Leave out the pictures and retype, exactly, the lines below from the line with "それでその2両を眺めていたと" up to and including the line with "This isn’t just", nothing more.

***** GIVEN DATA

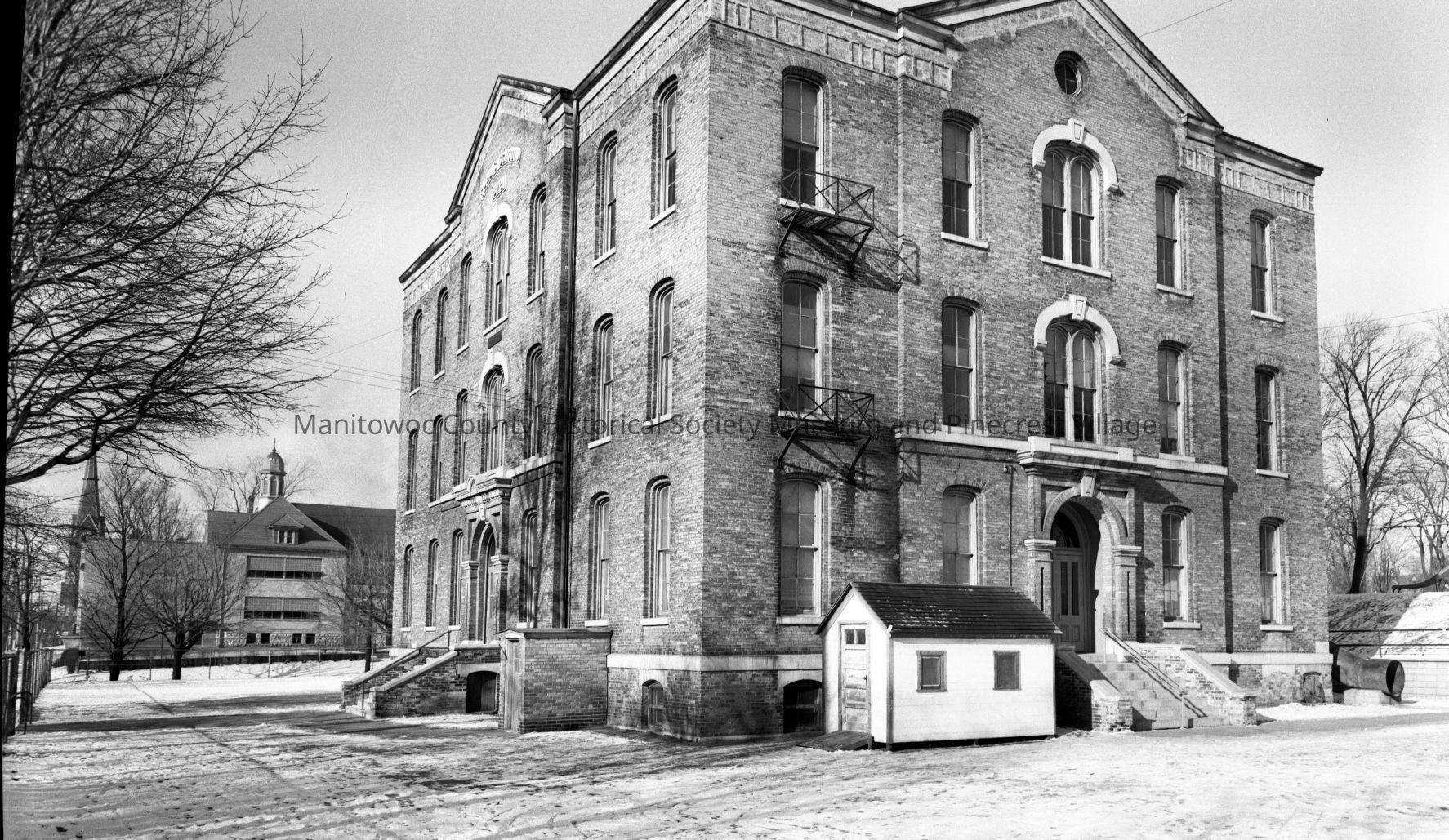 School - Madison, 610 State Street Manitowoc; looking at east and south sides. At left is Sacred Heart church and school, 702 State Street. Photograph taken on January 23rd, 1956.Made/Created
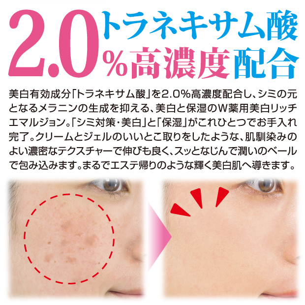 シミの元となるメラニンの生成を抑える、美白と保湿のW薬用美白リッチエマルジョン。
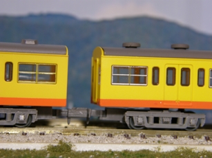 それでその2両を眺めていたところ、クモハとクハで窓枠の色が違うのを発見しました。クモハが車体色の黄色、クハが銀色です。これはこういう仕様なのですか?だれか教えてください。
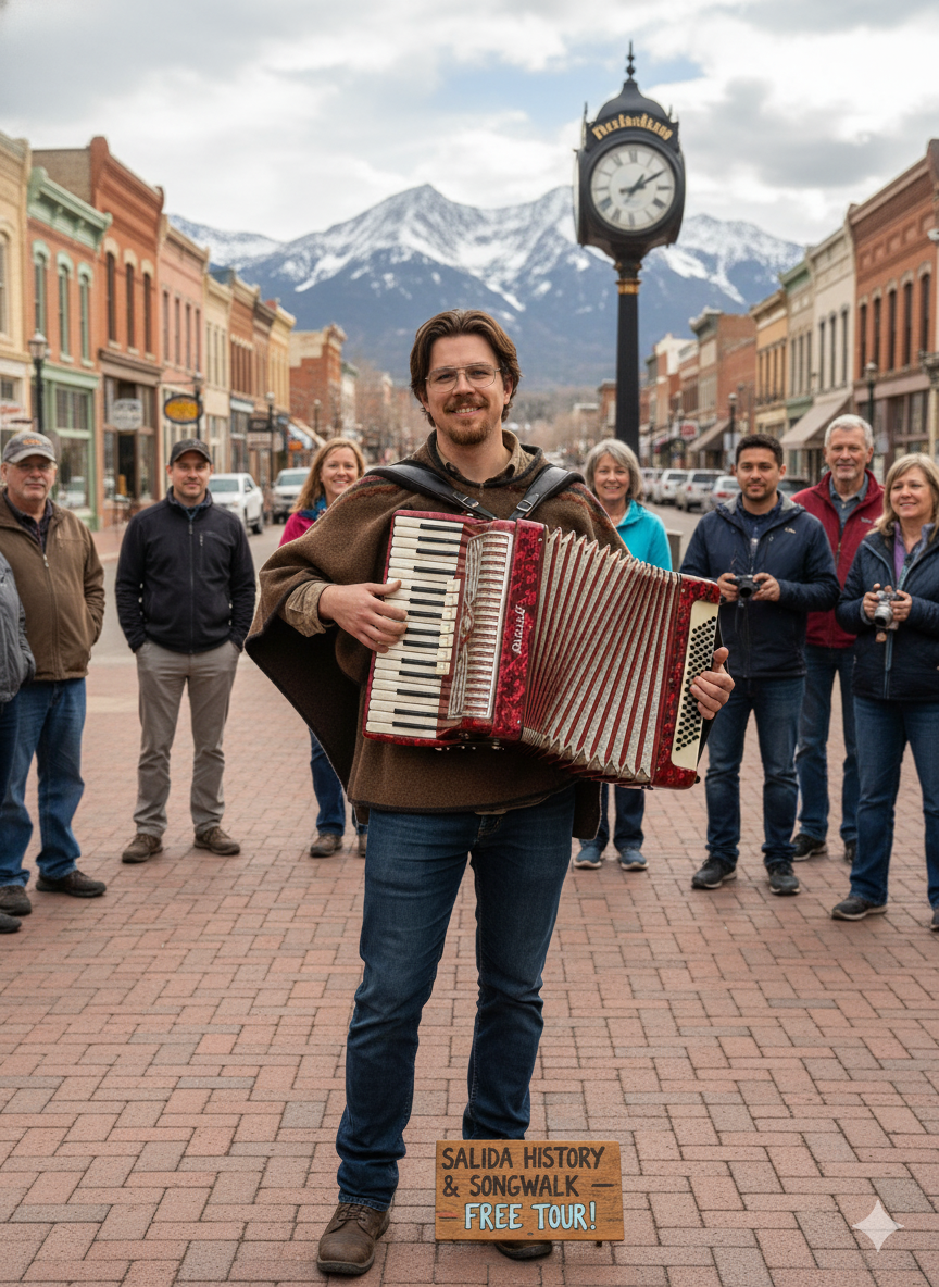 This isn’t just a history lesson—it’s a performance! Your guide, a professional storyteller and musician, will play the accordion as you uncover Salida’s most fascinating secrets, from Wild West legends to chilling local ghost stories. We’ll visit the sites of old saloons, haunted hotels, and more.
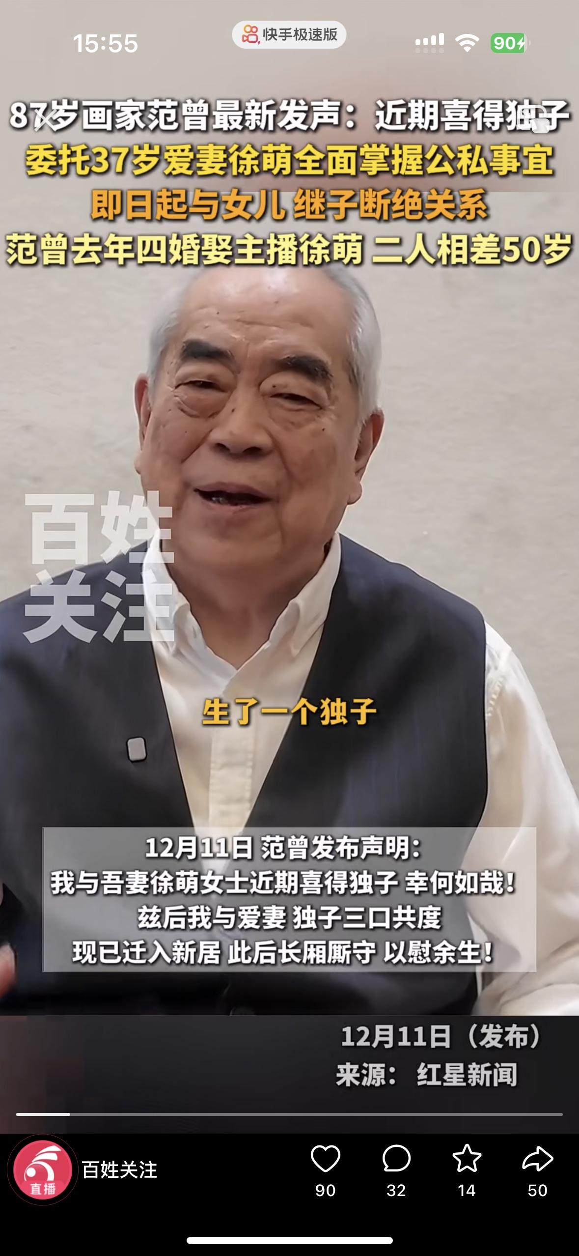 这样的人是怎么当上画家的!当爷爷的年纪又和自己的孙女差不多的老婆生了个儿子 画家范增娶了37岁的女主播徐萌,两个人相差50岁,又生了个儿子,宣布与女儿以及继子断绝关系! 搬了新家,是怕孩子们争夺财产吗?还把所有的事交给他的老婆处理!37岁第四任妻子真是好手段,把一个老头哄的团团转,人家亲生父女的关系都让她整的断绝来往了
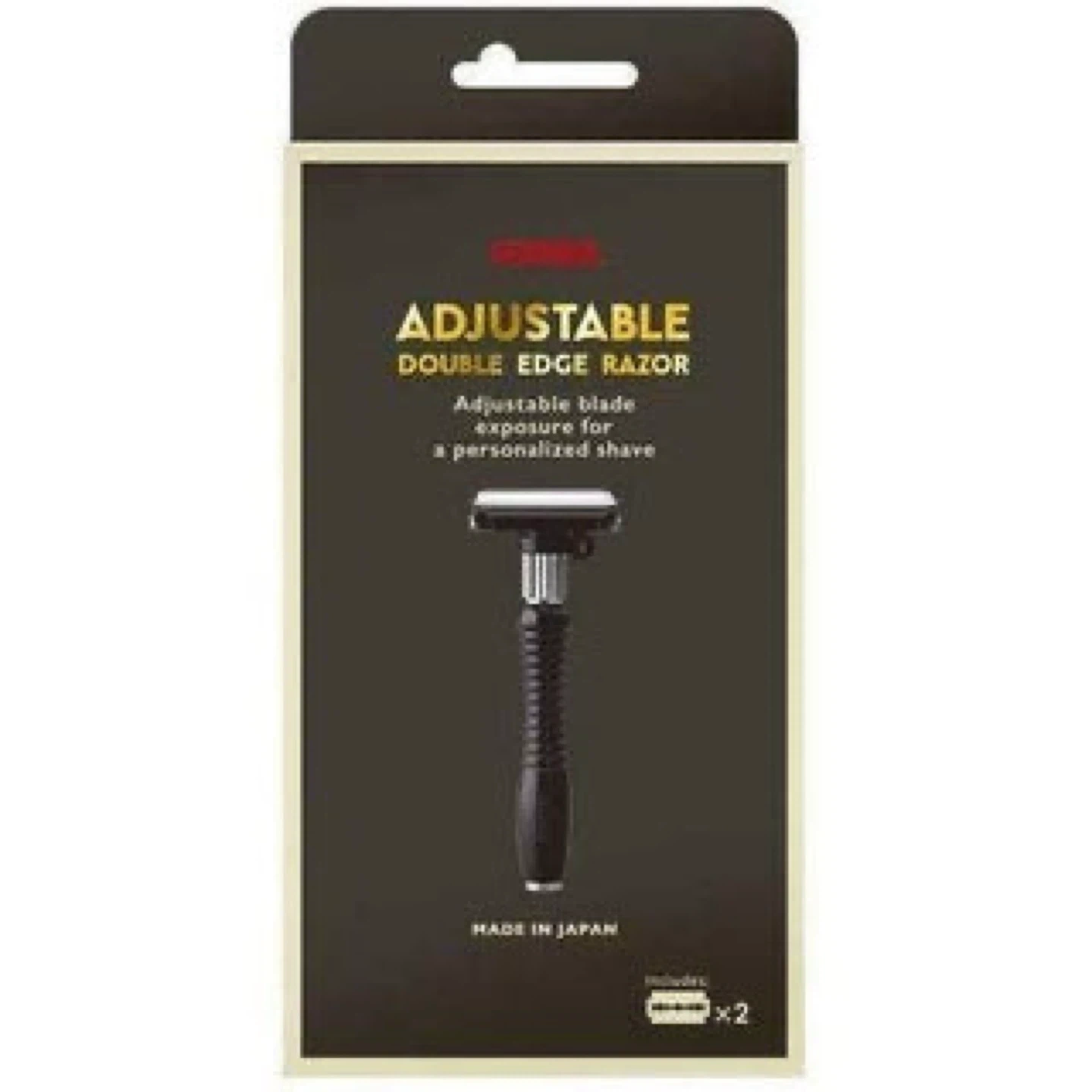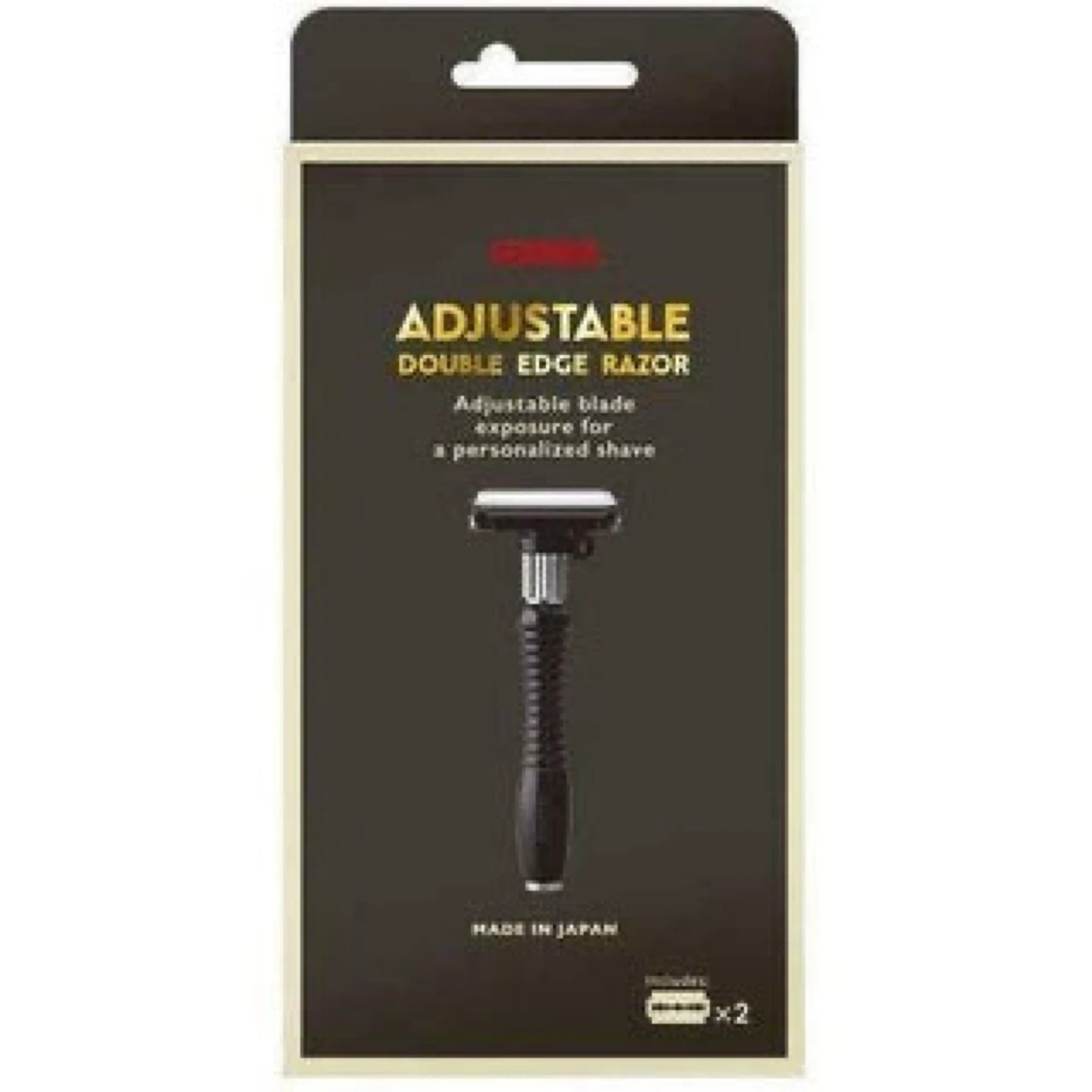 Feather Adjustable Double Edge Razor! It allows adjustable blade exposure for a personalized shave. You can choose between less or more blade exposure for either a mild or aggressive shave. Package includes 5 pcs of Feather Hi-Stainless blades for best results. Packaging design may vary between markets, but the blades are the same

**********

REPLY.
 それでその2両を眺めていたところ、クモハとクハで窓枠の色が違うのを発見しました。クモハが車体色の黄色、クハが銀色です。これはこういう仕様なのですか?だれか教えてください。
 This isn’t just a history lesson—it’s a performance! Your guide, a professional storyteller and musician, will play the accordion as you uncover Salida’s most fascinating secrets, from Wild West legends to chilling local ghost stories. We’ll visit the sites of old saloons, haunted hotels, and more.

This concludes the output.